Another commonly used method that a creditor has to satisfy its judgment is garnishment of a Debtor’s wages. Garnishment is addressed in 735 ILCS 5/12-801, et seq. A wage garnishment proceeding is initiated by sending a wage deduction notice to the judgment debtor at his last known address. At that point, the creditor must file an affidavit with the court stating that they believe the debtor is indebted to the judgment creditor for wages due, and also certify that the appropriate wage deduction notice has been sent to the judgment debtor. The creditor must also send written interrogatories to the judgment debtor’s employer. Section 12-805 sets forth a specific format that is required of the garnishment notice to be sent to the judgment debtor.

Once the employer is in receipt of the wage deduction notice, it is required (1) to pay the employee the amount of their exempt wages and (2) hold any amount of nonexempt wages to turnover to the creditor. Just as in a citation to discover assets, when a wage deduction notice is sent, a lien is created on all nonexempt wages due, as well as all future nonexempt wages due until the creditor is paid off, or the debtor’s employment is terminated. Additionally, the statute provides that the lien created by the wage garnishment is superior to that of any subsequent lien obtained thereafter. This is similar to the UCC "first in time" rule. The creditor that gets the judgment first has priority in garnishing the debtor’s wages. The exception to this priority rule is a lien for the support of a spouse or dependent child.

Illinois law places a limit on the amount of wages that are exempt from garnishment. In Illinois, the creditor may only garnish up to 15% of the debtor’s gross income each week. Also, Section 12-804 exempts from deduction orders any "benefits and refunds payable by pension or retirement funds or systems …and any monies an employee is required to contribute to such funds or systems." Thus, if the employee is required to contribute to a retirement fund or pension plan by his employer, the required contribution is exempt. Also, any amount the debtor receives as a pension or retirement benefit is exempt.

Conclusion

If a judgment is obtained against your client, you should carefully examine the Illinois statutes on post-judgment proceedings. If your client has lots of assets and has high exposure, it may be worth attempting to offer a lump sum settlement to the creditor, over even considering the possibility of bankruptcy. Beware of the various pitfalls that come up once the citation or wage garnishment is issued and you may still be able to obtain a favorable outcome for your client, even though he has lost the case.
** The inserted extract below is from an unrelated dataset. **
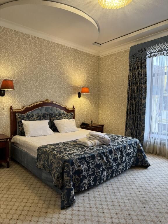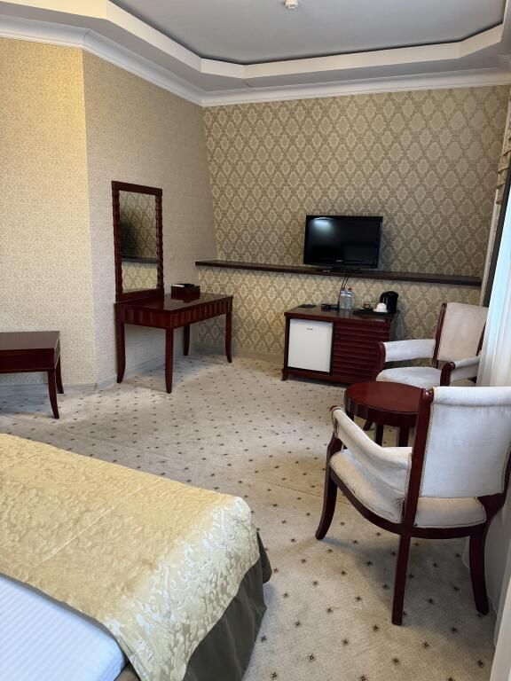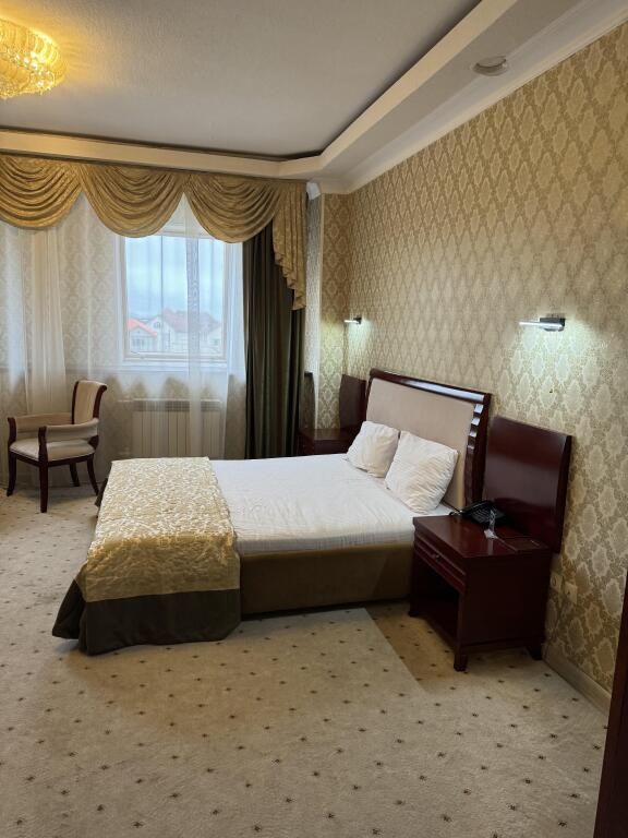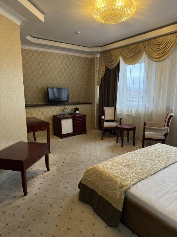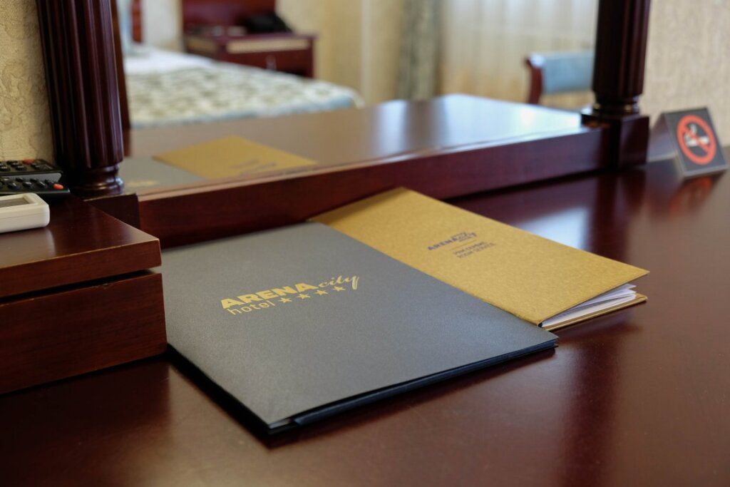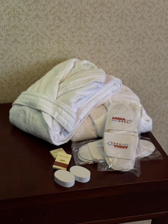 Письменный стол и рабочее кресло. Приятная цветовая гамма номера: пастельные светло-коричневые, кремовые тона. Кровать стандартного номера соответствует размерам кровати в номере люкс. В отеле Арена-Сити найдутся номера 1 класса и с двумя раздельными кроватями.

Joshua D. Greene is an associate attorney with the law firm of Springer, Brown, Covey, Gaertner & Davis, LLC in Wheaton, Illinois. He focuses his practice in bankruptcy litigation, representation of individuals and business in bankruptcy, and representation of bankruptcy trustees. He also regularly practices in Illinois state courts, representing clients in post-judgment proceedings. He earned his undergraduate degree at Middle Tennessee State University and his Juris Doctor from DePaul University College of Law.